Потому что Великому Русскому Писателю не нужна была серьезная и умная жена, ему нужна была наивная и кокетливая девочка, симпатичная дурочка, “Кити”.

Из дневника Л.Н. Толстого от 1891 года:

“Мода умственная - восхвалять женщин, утверждать, что они не только равны по духовным способностям, но выше мужчин, очень скверная и вредная мода.
То, что женщины не должны быть ограничены ни в каких правах, то, что к женщине надо относиться так же, с тем же уважением и любовью, как и к мужчине, что она равна в правах с мужчиной, в этом не может быть никакого сомнения; но утверждать, что женщина в среднем одарена тою же духовной силою, как и мужчина, ожидать встретить в каждой женщине то же, что ожидаешь встретить в каждом мужчине, значит умышленно обманывать себя, и обманывать себя во вред женщине.
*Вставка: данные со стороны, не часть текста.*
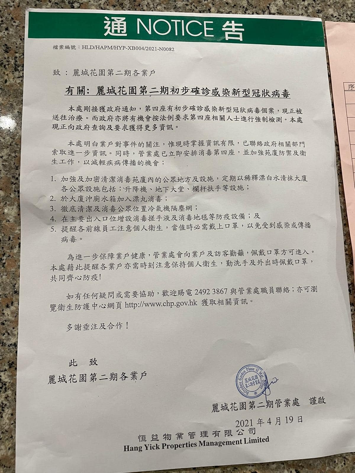 有荃灣區議員在社交平台貼上一張大廈管業處今日發出的通告,指麗城花園第二期4座有人初步確診,正送院治療。管業處明白業戶對事件的關注,惟現時掌握資訊有限,已聯絡政府相關部門索取進一步資訊,已立即安排消毒第4座,並加強苑廈防禦及衞生工作,以減輕疾病傳播的機會。
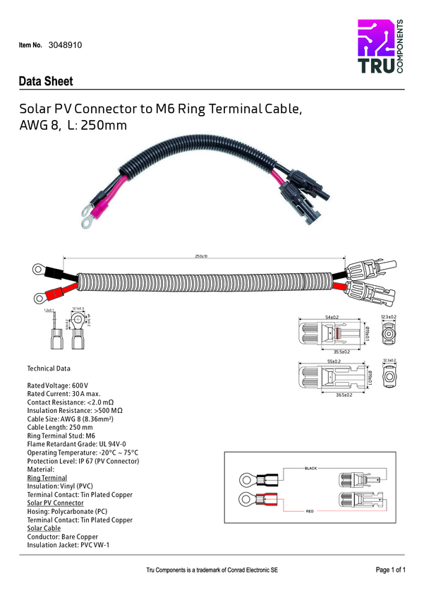 TC-12195640 Złącze solarne do zacisku pierścieniowego M6 długość kabla 250 mm TC-121956...
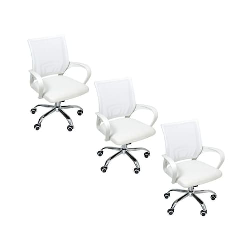 Kit 3 Cadeiras de Escritório Begonia Ergonômico Branco - Preto

Если мы будем ждать от женщины того, чего ждем от мужчины, то и будем требовать этого, а не встречая требуемого, будем раздражаться, будем приписывать злой воле то, что происходит от невозможности.
Так что признание женщин тем, чем они есть, более слабыми духовно существами, не есть жестокость к женщине; признание их равными есть жестокость. - Слабостью или меньшей силой духовною я называю меньшую покорность плоти духу, в особенности - главная черта женская - меньшую веру велениям разума.”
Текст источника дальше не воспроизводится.